Member of Karnataka Legislative Assembly
- Incumbent
- Assumed office 13 May 2023
- Preceded by: L. N. Narayanaswamy
- Constituency: Devanahalli

Union Minister of State(Independent charge), Minister of Micro, Small and Medium Enterprises
- In office 28 October 2012 – 26 May 2014
- Prime Minister: Dr.
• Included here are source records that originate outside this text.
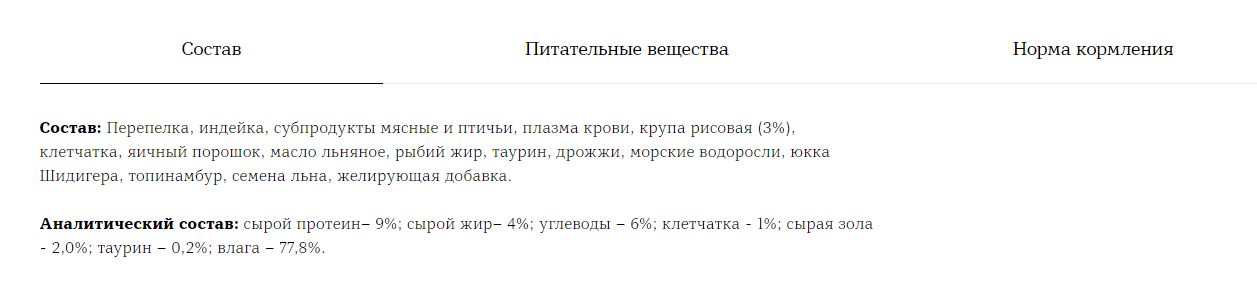 Состав: Перепелка, индейка, субпродукты мясные и птичьи, плазма крови, крупа рисовая (3%), клетчатка, яичный порошок, масло льняное, рыбий жир, таурин, дрожжи, морские водоросли, юкка шидигера, корень цикория, семена льна, карамель, желирующая добавка.
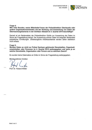 STAATSNHNISTERIUM Freista at DES ]NNERN SACHSEN Frage 4: Wie viele Stunden, waren Mitarbeiter*innen der Polizeidirektion Oberlausitz oder andere Organisationseinheiten mit der Sichtung und Auswertung von Daten der UbenNachungskameras in der Görlitzer Altstadt im 4. Quartal 2019 beschäftigt? Derzeit ist ein Bediensteter der Polizeidirektion Görlitz zur Auswertung der Daten im Sinne der Fragestellung befugt. Die Auswertung solcher Daten ist integraler Bestandteil polizeilicher Ermittlungen. Diesbezügliche Arbeitsaufwände werden daher statistisch nicht erfasst. Frage 5: Wurden Daten an nicht zur Polizei Sachsen gehörende Dienststellen, Organisati- onseinheiten oder Personen im 4. Quartal 2019 weitergegeben und wenn ja an welche Dienststelle, Organisation oder Person und zu welchem Zweck? Es wurden keine Datensätze an Dritte im Sinne der Fragestellung weitergegeben. ?ndlichen Grüßen Prof. Dr. Roland Wöller Seite 3 von 3
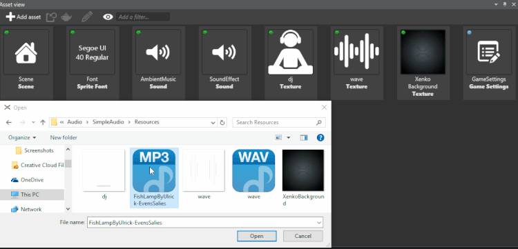 プロジェクトでサウンド アセットとして使用するオーディオ ファイルをインポートできます。インポートできるファイルの種類は、.wav、.mp3、.ogg、.aac、.aiff、.flac、.m4a、.wma、.mpc です。
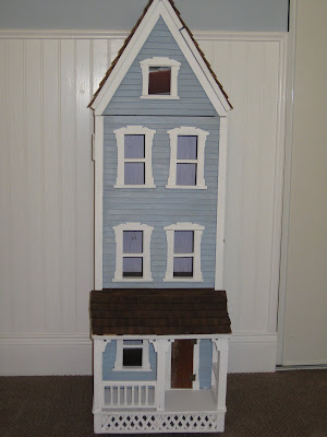 I gave myself a little project this weekend & painted the trim of my dollhouse. So, the first picture of the dollhouse is a before pic, and the 2nd picture is after (sorry some of the pics are in a funky order). The "rooms" of the dollhouse will be shelves for their books, for now. I posted about it before, but the dollhouse was built for me when I was a little girl, by my Grandpa Tom, who was like a 2nd Dad to me. So, obviously it holds a really special place in my heart. :)
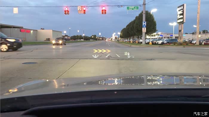 在前面有车辆横向通过的的时候抬头显示会有流动的箭头提醒。这个功能在驶出道路两侧有违章停车的小区门口时可以非常有效的避免碰撞。

Manmohan Singh
- Preceded by: Vayalar Ravi
- Succeeded by: Kalraj Mishra

Member of Parliament Lok Sabha
- In office 1991–2019
- Preceded by: Y. Ramakrishna
- Succeeded by: S. Muniswamy
- Constituency: Kolar

Minister of State, Government of India
- In office 22 May 2009 – 28 October 2012
- President: Pratibha Patil Pranab Mukherjee
- Cabinet: Second Manmohan Singh ministry
- Prime Minister: Manmohan Singh
- Ministry and Departments: Railways
- In office 23 May 2004 – 22 May 2009
- President: A. P. J. Abdul Kalam Pratibha Patil
- Cabinet: First Manmohan Singh ministry
- Prime Minister: Manmohan Singh
- Ministry and Departments: Road, Transport & Highways

Personal details
- Born: 7 March 1948 (age 78) Kammadhalli shidlaghatta, Karnataka
- Party: INC
- Spouse: M. Nagarathnamma
- Children: 1 son and 4 daughters including Roopakala M Shashidhar
- Awards: Doctorate

= K. H. Muniyappa =

Indian politician

Kambadahalli Hanumappa Muniyappa (born 7 March 1948) is an Indian politician from Karnataka. He is a seven time Member of the Parliament from Kolar Lok Sabha constituency and also served as a Cabinet Minister.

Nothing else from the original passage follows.